The U.S. Army Corps of Engineers and South Florida Water Management District were criticized for dumping nutrient-rich water down the Caloosahatchee. One wag in the back of the room got a large laugh when he called the two agencies the “axis of evil.”
“You have to look at the big picture,” water district spokesman Kurt Harclerode said. “People here are concerned about the estuary and the Gulf, and so are we. But you have to take into consideration that the people around Lake Okeechobee depend on releases for flood control for their safety.
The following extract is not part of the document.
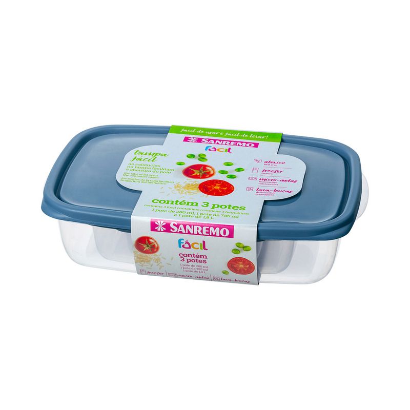 Conjunto com 3 potes: cada peça com design inovador e pegadores laterais que facilitam o manuseio quando o alimento está muito quente ou gelado. É mais estilo para a sua cozinha e a praticidade que você precisa para encarar o dia a dia. É fácil de usar. É fácil de medir. É fácil de abrir. Vai ser fácil mesmo você se apaixonar.
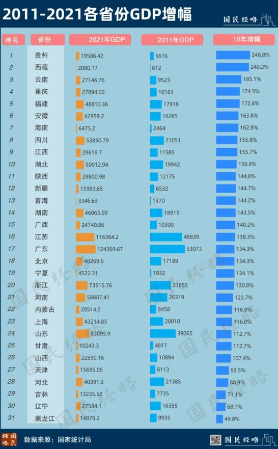 简单来看,过去10年,进步最快的非贵州莫属,经济位次从倒数第5名晋级到第22名,连升4名。在贵州之外,福建、安徽、重庆、云南都上升了3位,福建更是得以跻身TOP10经济大省之列。

“We’re trying to balance everyone’s needs without causing adverse impacts.”
Now that evidence is growing that red tide and other harmful algal blooms can be affected by land-based pollution, something must be done, Lee County Commissioner Ray Judah said.
“There needs to be a drastic change in the mind-set of policy makers at the state and federal levels,” he said. “There has been an increase in the frequency and intensity of red tide in Lee County, but there’s not been a concentrated effort on the state and federal levels to resolve the problems.”
More research needs to be done, too, but that takes money, which is hard to come by, said Larry Brand, a senior research scientist at the University of Miami’s Rosenstiel School of Marine Biology and Atmospheric Science.
“Unfortunately, the funding often isn’t there until there’s a catastrophe,” he said. “Then you come in and do an autopsy.”